Splitting a string with a space/two spaces after the character

Consider a number of strings, which are assumed to contain "keys" of the form "Wxxx", where x are digits from 0-9. Each one can contain either one only, or multiple ones, separated by ',' followed by two spaces. For example:
W123
W432
W546, W234, W167
The ones that contain multiple "keys" need to be split up, into an array. So, the last one in the above examples should be split into an array like this: {"W546", "W234", "W167"}.
As a quick solution, String.Split comes to mind, but as far as I am aware, it can take one character, like ','. The problem is that it would return an array with like this: {"W546", " W234", " W167"}. The two spaces in all the array entries from the second one onwards can probably be removed using Substring, but is there a better solution?
For context, these values are being held in a spreadsheet, and are assumed to have undergone data validation to ensure the "keys" are separated by a comma followed by two spaces.

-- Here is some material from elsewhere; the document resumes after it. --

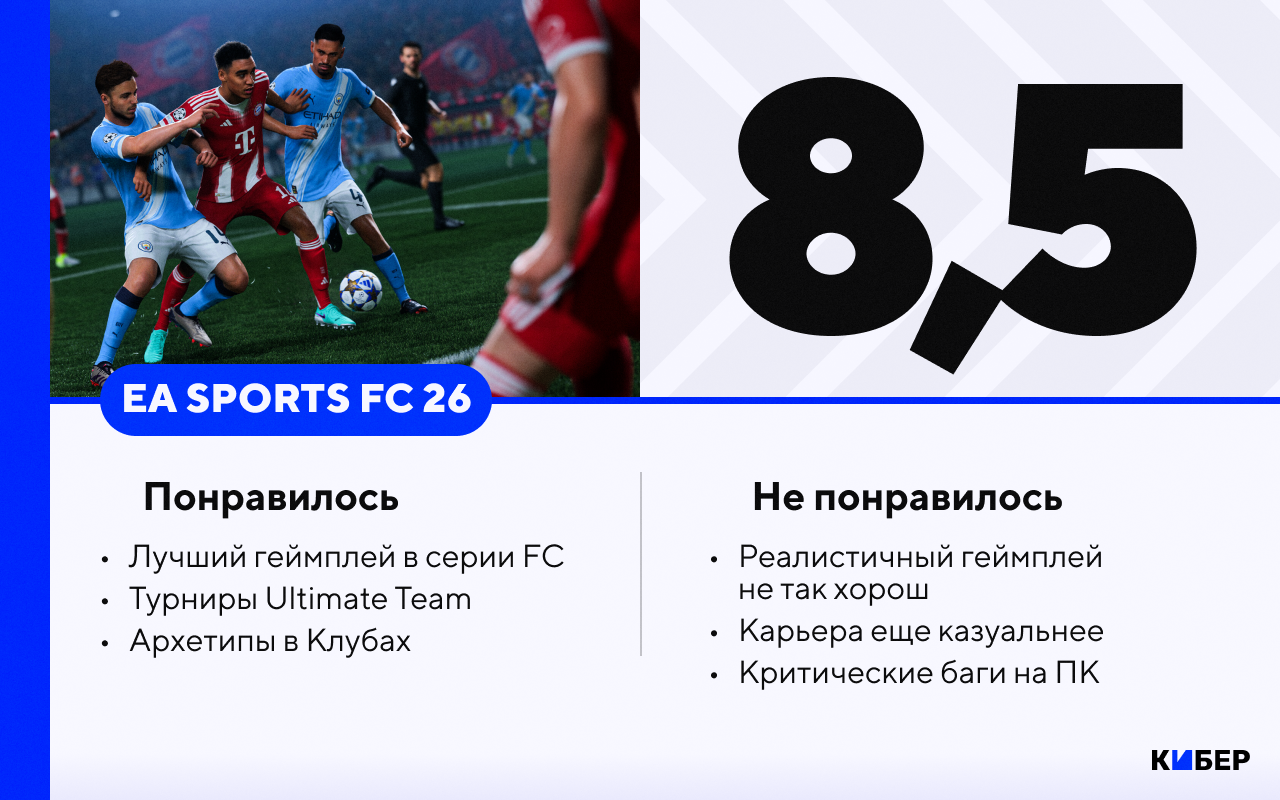19 сентября для владельцев Ultimate-издания вышла FC 26 (26 сентября игра станет доступна всем). Кибер опробовал ранний доступ и удивился геймплею. Неужели у EA наконец-то получилось? Если коротко, пока да.

while ((ws.Cells[row,1].Value!=null) && (ws.Cells[row,1].Value.ToString().Equals("")))
{
// there can be one key, or multiple keys separated by ','
if (ws.Cells[row,keysCol].Value.ToString().Contains(','))
{
// there are multiple
// need to split the ones in this cell separated by a comma
}
else
{
// there is one
}
row++;
}
You can just specify ',' and ' ' as separators and RemoveEmptyEntries.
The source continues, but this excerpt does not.